In figure shown on the right, the mass of the trolley is 100 kg, and it can move without friction on the horizontal floor. Its length is 12m. The mass of the girl is 50 kg. Friction exists between the shoes of the girl and the trolley''s upper surface, with µ = 1/3. The girl can run with a maximum speed = 9 m/s on the surface of the trolley, with respect to the surface. At t = 0 the girl starts running from rest to the right. The trolley was initially stationary. (g = 10 m/s2) The minimum time in which the girl can acquire her maximum speed, for no slipping, is____

To solve this problem, we need to analyze the motion of both the girl and the trolley.
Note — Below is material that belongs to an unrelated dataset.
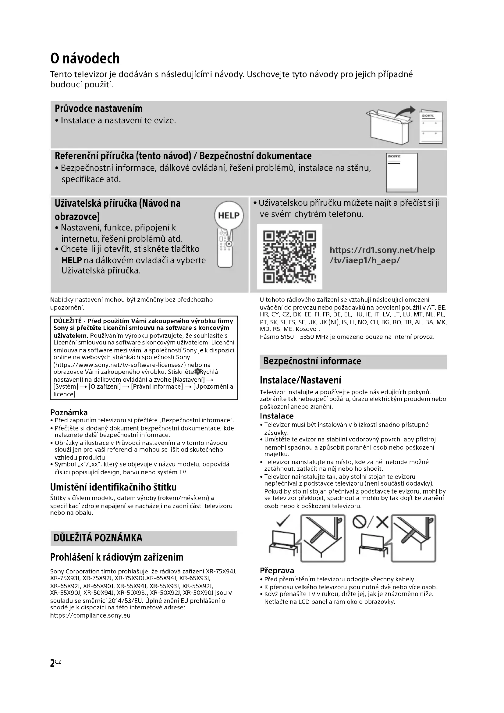 Prohlášení k rádiovým zařízením Sony Corporation tímto prohlašuje, že rádiová zařízení XR-75X94J, XR-75X93J, XR-75X92J, XR-75X90J,XR-65X94J, XR-65X93J, XR-65X92J, XR-65X90J, XR-55X94J, XR-55X93J, XR-55X92J, XR-55X90J, XR-50X94J, XR-50X93J, XR-50X92J, XR-50X90J jsou v souladu se směrnicí 2014/53/EU. Úplné znění EU prohlášení o shodě je k dispozici na této internetové adrese: https://compliance.sony.euU tohoto rádiového zařízení se vztahují následující omezení uvádění do provozu nebo požadavků na povolení použití v AT, BE, HR, CY, CZ, DK, EE, FI, FR, DE, EL, HU, IE, IT, LV, LT, LU, MT, NL, PL, PT, SK, SI, ES, SE, UK, UK (NI), IS, LI, NO, CH, BG, RO, TR, AL, BA, MK, MD, RS, ME, Kosovo :Pásmo 5150 – 5350 MHz je omezeno pouze na interní provoz. Bezpečnostní informace Instalace/Nastavení Televizor instalujte a používejte podle následujících pokynů, zabráníte tak nebezpečí požáru, úrazu elektrickým proudem nebo poškození anebo zranění. Instalace

The girl is running on the trolley, and we need to ensure that she does not slip. This means we must consider the forces acting on her and the resulting motion of the trolley. Let's break it down step by step.

Understanding the Forces at Play

The girl has a mass of 50 kg and can run at a maximum speed of 9 m/s relative to the trolley. The trolley has a mass of 100 kg and can move without friction. The coefficient of friction between the girl’s shoes and the trolley is given as µ = 1/3.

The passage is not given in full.